• [Task to carry out]
Restate, exactly as written, the entries below from the line that holds "Сбер в июне" through the line that holds "Le Bonhomme de". Pictures are not part of the copy.

• [Data provided]
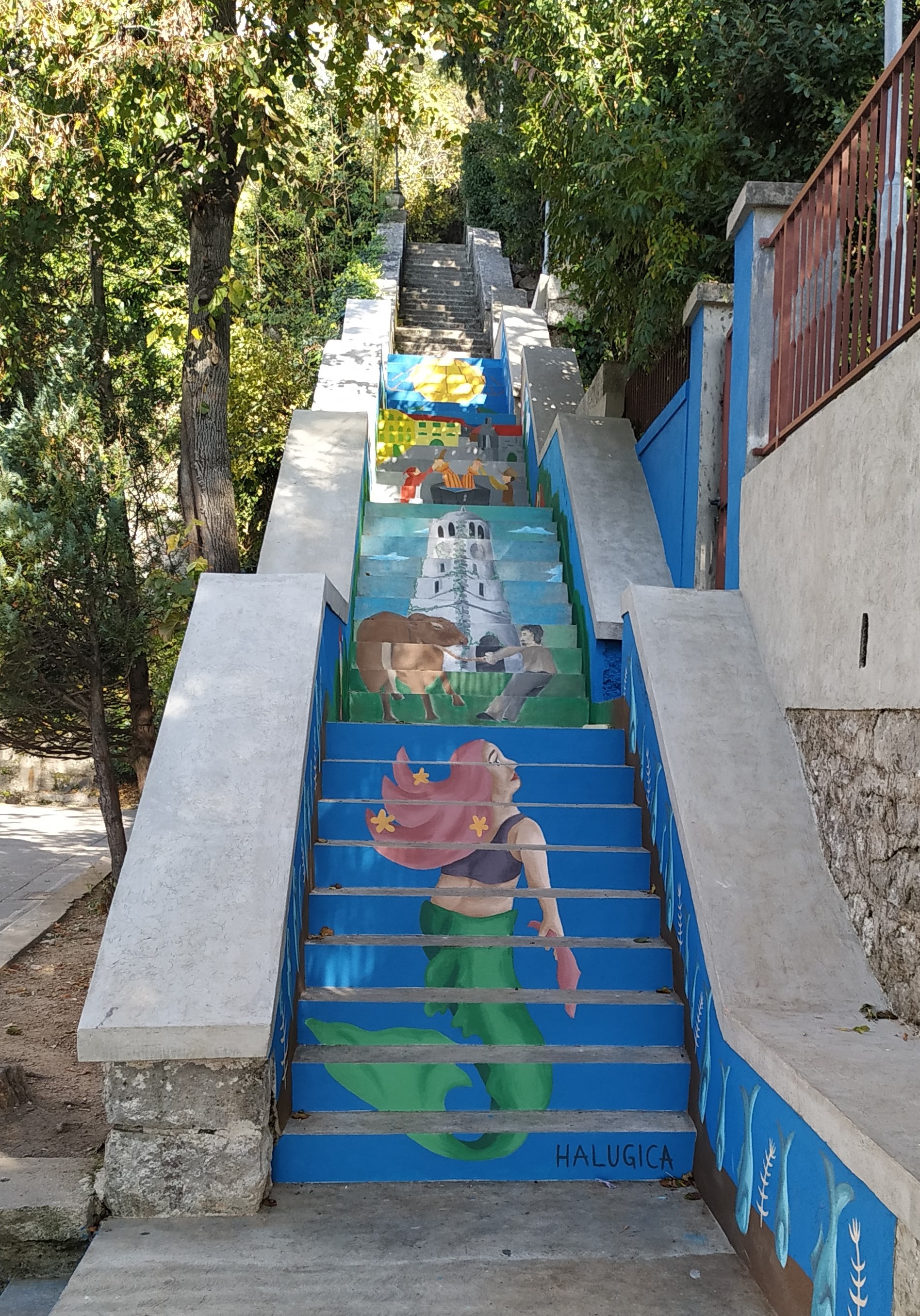 Faza realizacije projekta krenula je pripremom podloge i prenošenjem definiranog likovnog rješenja s papira na stepenište, što nije bio nimalo lak zadatak. Grad Kastav je dozvolio oslikavanje te prethodno obavio građevinske zahvate sanacije, a vatrogasci Dobrovoljnog vatrogasnog društva Kastav isprali su stepenište prije samog oslikavanja kako bi sve površine bile čiste. Učenici su sa studenticama Akademije i Učiteljskog fakulteta te mentoricom Majom Šikić započeli skiciranje petak tijekom popodneva, a subotu i nedjelju su uz pomoć i sugestije studentica oslikavali četrdesetak stepenica i bokove. Na prva četiri bloka oslikani su motivi iz štorija: Halugica, Kako su Kastavci seli sol i sadili sardelice, Kako su Kastavci bacili kapetana u Lokvinu, Štorija od Šparožne jami. Pojavljuje se i lik Malika. Na bočnom zidu oslikan je portret Vladimira Nazora s pogledom na Kvarner. Iako Halugica nije kastavska legenda, nego je njezin autor Nazor, ona je ipak važna jer je nastala nadahnuta našim legendama s kojima se autor upoznao dok je živio i djelovao u Kastvu.
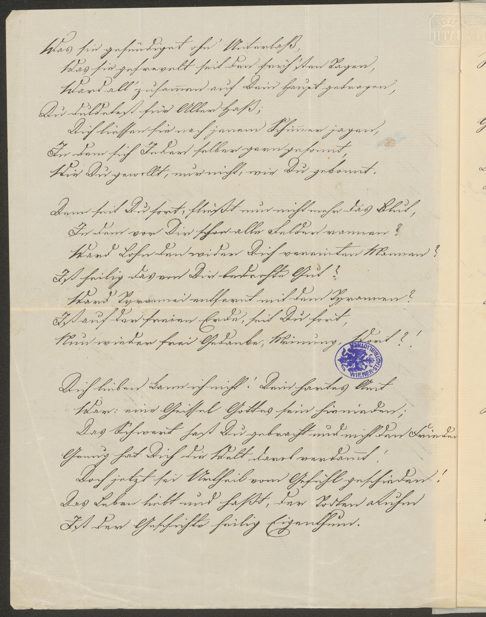 Gedichtsammlung zum Vortrag für Ludwig Löwe bestimmt, darunter Gedichte von Franz Grillparzer, ... Weyl, Theodor von Herzenskron, ... Weissenthurn,
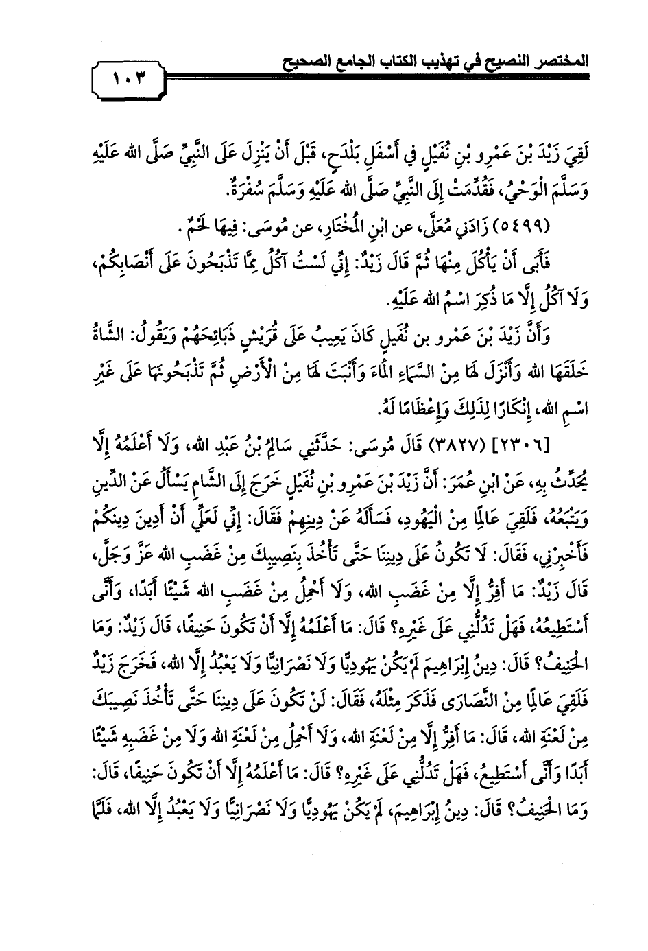 [2306] (3827) قَالَ مُوسَى: حَدَّثَنِي سَالِمُ بْنُ عَبْدِ الله، وَلَا أَعْلَمُهُ إِلَّا يُحَدِّثُ بِهِ, عَنْ ابْنِ عُمَرَ: أَنَّ زَيْدَ بْنَ عَمْرِو بْنِ نُفَيْلٍ خَرَجَ إِلَى الشَّامِ يَسْأَلُ عَنْ الدِّينِ وَيَتْبَعُهُ، فَلَقِيَ عَالِمًا مِنْ الْيَهُودِ، فَسَأَلَهُ عَنْ دِينِهِمْ فَقَالَ: إِنِّي لَعَلِّي أَنْ أَدِينَ دِينَكُمْ فَأَخْبِرْنِي، فَقَالَ: لَا تَكُونُ عَلَى دِينِنَا حَتَّى تَأْخُذَ بِنَصِيبِكَ مِنْ غَضَبِ الله عَزَّ وَجَلَّ, قَالَ زَيْدٌ: مَا أَفِرُّ إِلَّا مِنْ غَضَبِ الله، وَلَا أَحْمِلُ مِنْ غَضَبِ الله شَيْئًا أَبَدًا، وَأَنَّى أَسْتَطِيعُهُ، فَهَلْ تَدُلُّنِي عَلَى غَيْرِهِ؟ قَالَ: مَا أَعْلَمُهُ إِلَّا أَنْ تَكُونَ حَنِيفًا، قَالَ زَيْدٌ: وَمَا الْحَنِيفُ؟ قَالَ: دِينُ إِبْرَاهِيمَ لَمْ يَكُنْ يَهُودِيًّا وَلَا نَصْرَانِيًّا وَلَا يَعْبُدُ إِلَّا الله، فَخَرَجَ زَيْدٌ فَلَقِيَ عَالِمًا مِنْ النَّصَارَى فَذَكَرَ مِثْلَهُ، فَقَالَ: لَنْ تَكُونَ عَلَى دِينِنَا حَتَّى تَأْخُذَ نَصِيبَكَ مِنْ لَعْنَةِ الله، قَالَ: مَا أَفِرُّ إِلَّا مِنْ لَعْنَةِ الله، وَلَا أَحْمِلُ مِنْ لَعْنَةِ الله وَلَا مِنْ غَضَبِهِ شَيْئًا أَبَدًا وَأَنَّى أَسْتَطِيعُ، فَهَلْ تَدُلُّنِي عَلَى غَيْرِهِ؟ قَالَ: مَا أَعْلَمُهُ إِلَّا أَنْ تَكُونَ حَنِيفًا، قَالَ: وَمَا الْحَنِيفُ؟ قَالَ: دِينُ إِبْرَاهِيمَ، لَمْ يَكُنْ يَهُودِيًّا وَلَا نَصْرَانِيًّا وَلَا يَعْبُدُ إِلَّا الله، فَلَمَّا
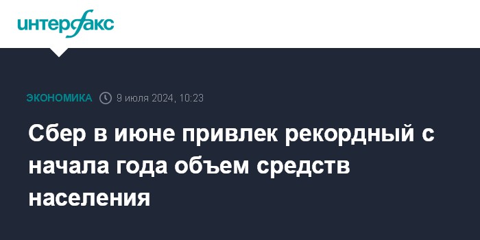 Сбер в июне привлек рекордный с начала года объем средств населения
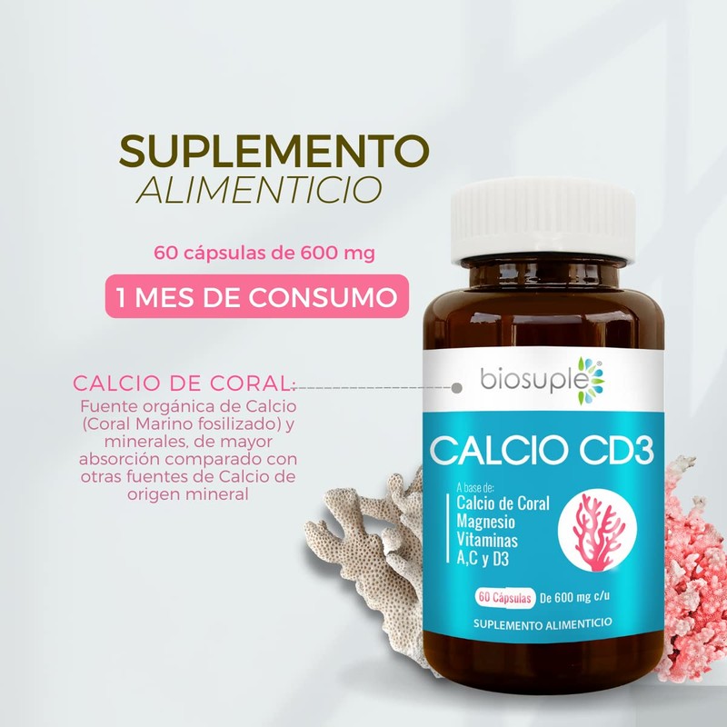 BIOSUPLE | Calcio de Coral con Magnesio y Vitaminas A, C, y D3. 60 cápsulas | CALCIO CD3 - Suplemento alimenticio
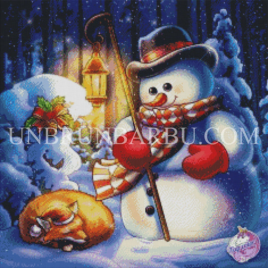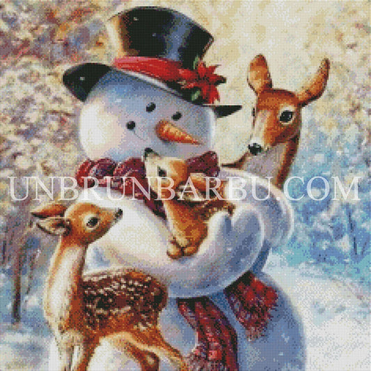 Le Bonhomme de Neige Gardien des Biches. (60cm x 60cm).
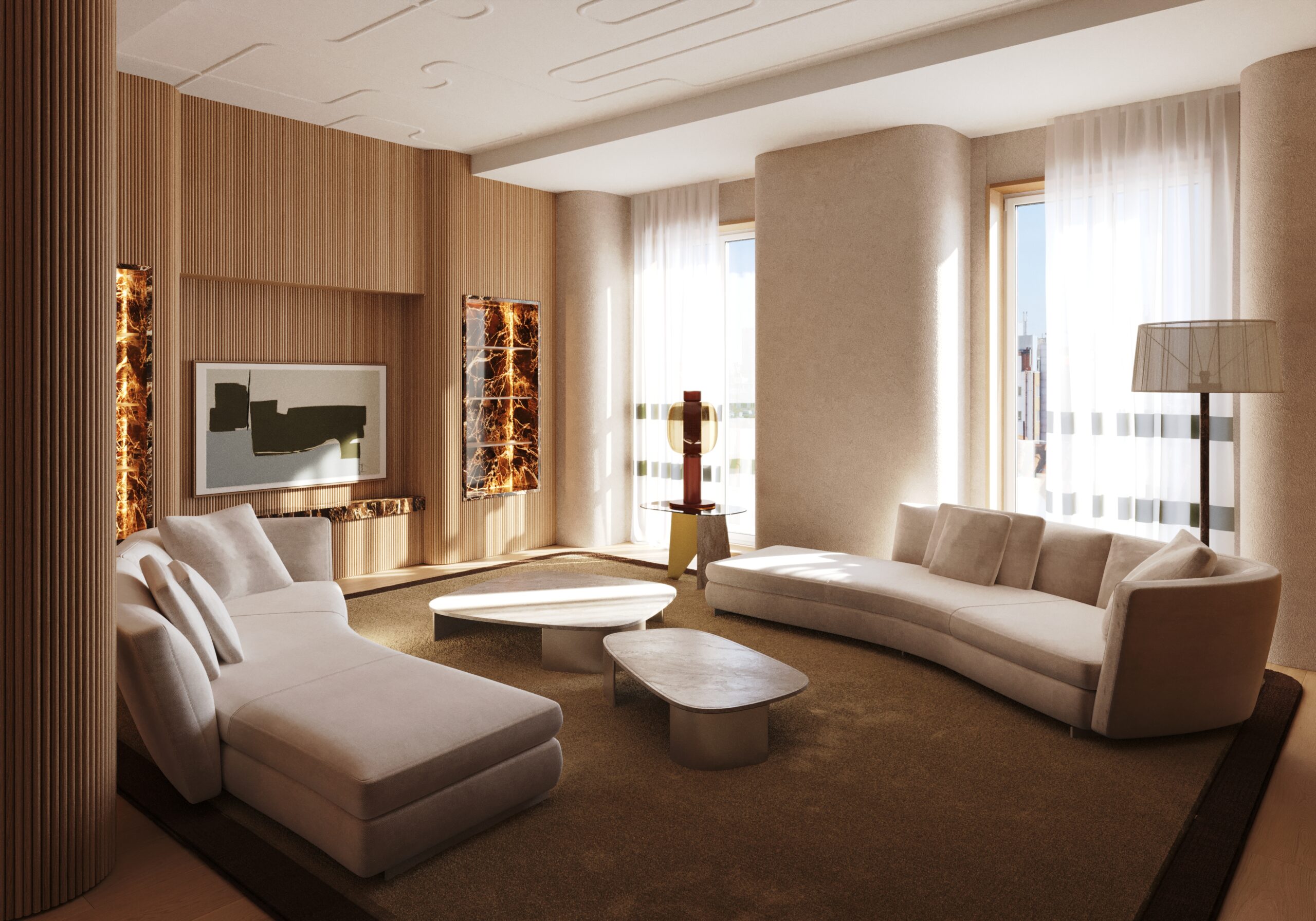 Patricia Urquiola lends her vision of purposeful elegance transforming every interior into a space that is as conceptually refined as it is emotionally resonant. The residences balance natural warmth with contemporary elegance. Interiors are defined by deep, earthy tones, tactile oak finishes, and bespoke details that create a sense of ease and refinement.
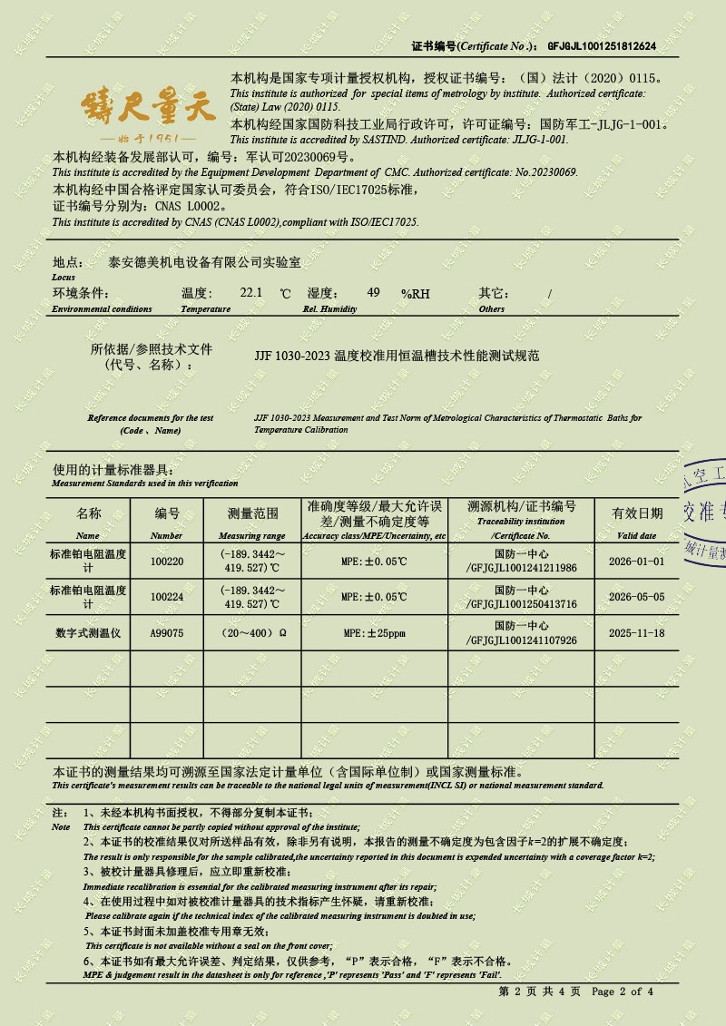 高精度制冷恒溫(-40-100℃)校準(zhǔn)證書 2025-6-25 本文被閱讀 2224 次
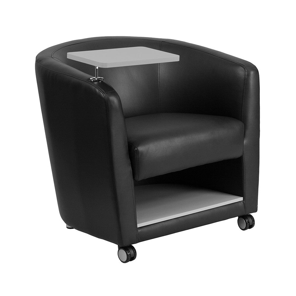 Black LeatherSoft Guest Chair with Tablet Arm, Front Wheel Casters and Under Seat Storage
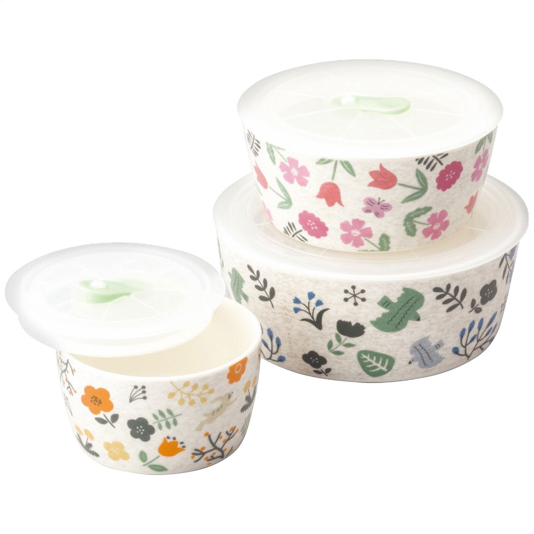 現品サイズ・内容:直径15.4cm高さ5.8cm容量約680mlレンジパック(L)・直径12.8cm高さ5.5cm容量約430mlレンジパック(M)・直径9.8cm高さ5.7cm容量約260mlレンジパック(S)各1客・磁器・フタ:ポリプロピレン・[中国製]
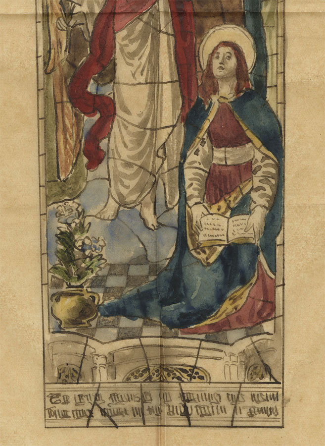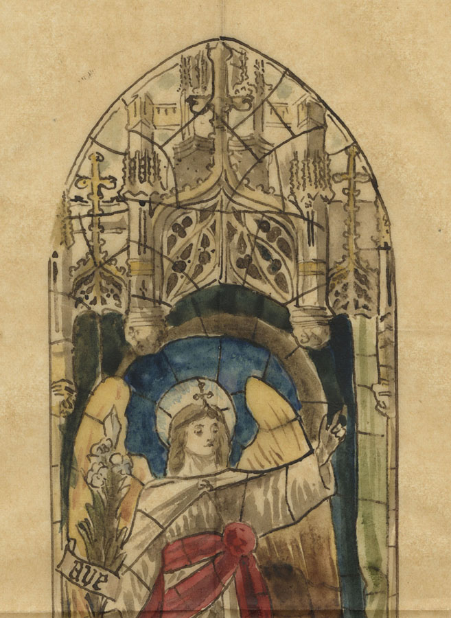 The only trace of Percy Bacon's work at St Cuthbert's is a watercolour design for a single light untraceried window with a number 2096. The subject is the Annunciation to the Virgin Mary. At the base of the design, the hand-written note of an inscription reads:
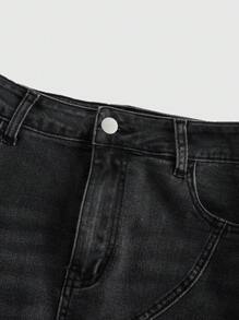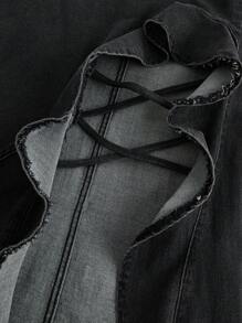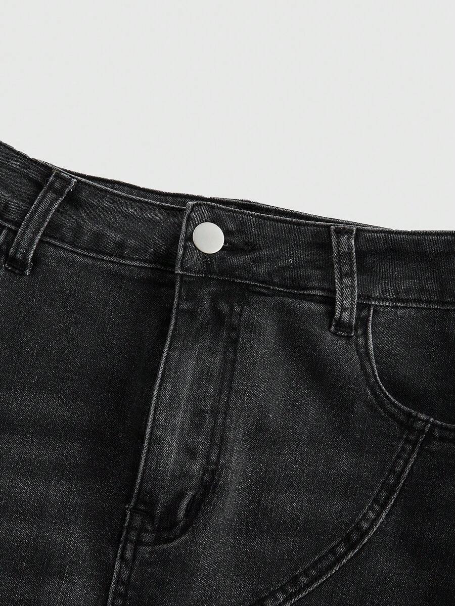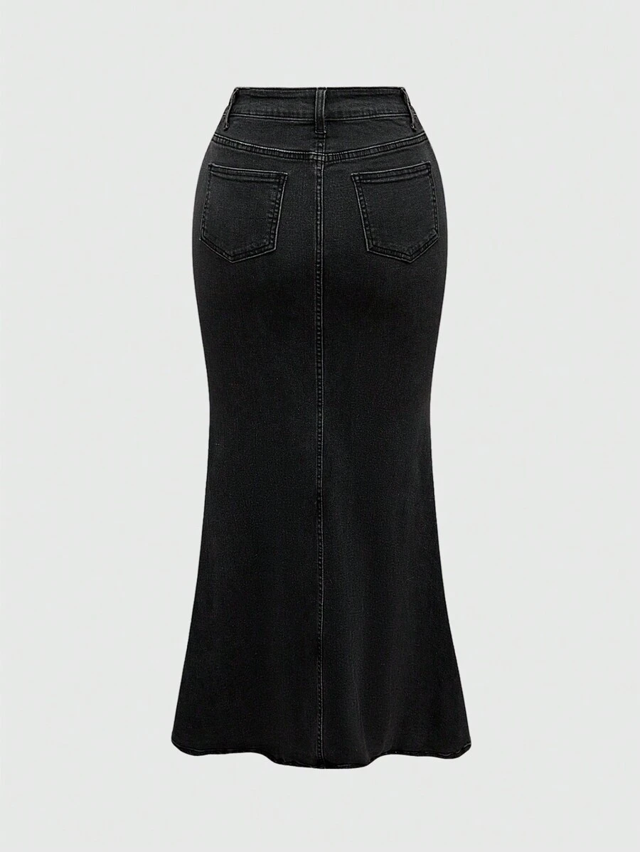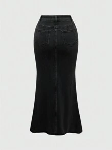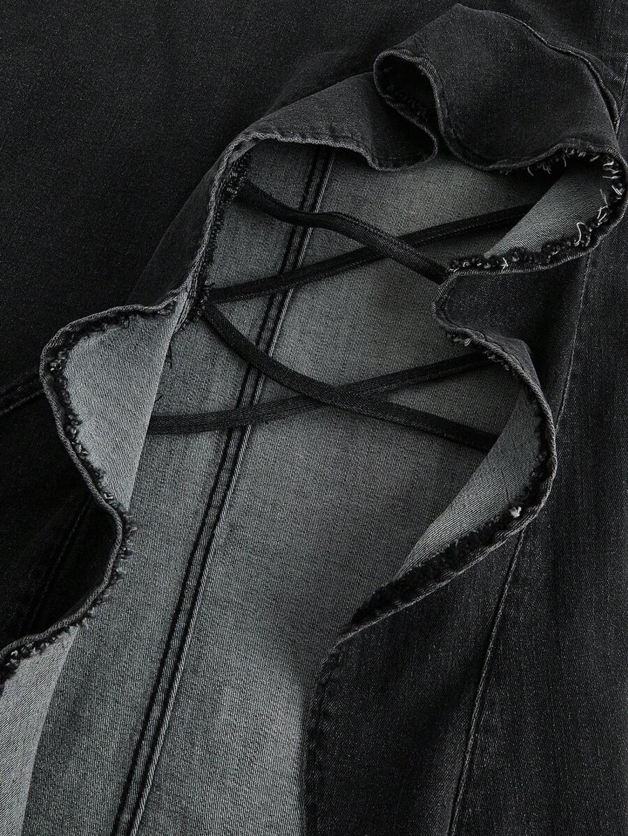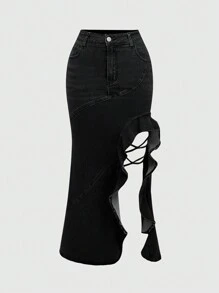 Fairycore Women's Denim Mini Skirt With Ruffle Hem & Side Slit, Sexy Style

• [Result of this task]
 Сбер в июне привлек рекордный с начала года объем средств населения
 BIOSUPLE | Calcio de Coral con Magnesio y Vitaminas A, C, y D3. 60 cápsulas | CALCIO CD3 - Suplemento alimenticio
 Le Bonhomme de Neige Gardien des Biches. (60cm x 60cm).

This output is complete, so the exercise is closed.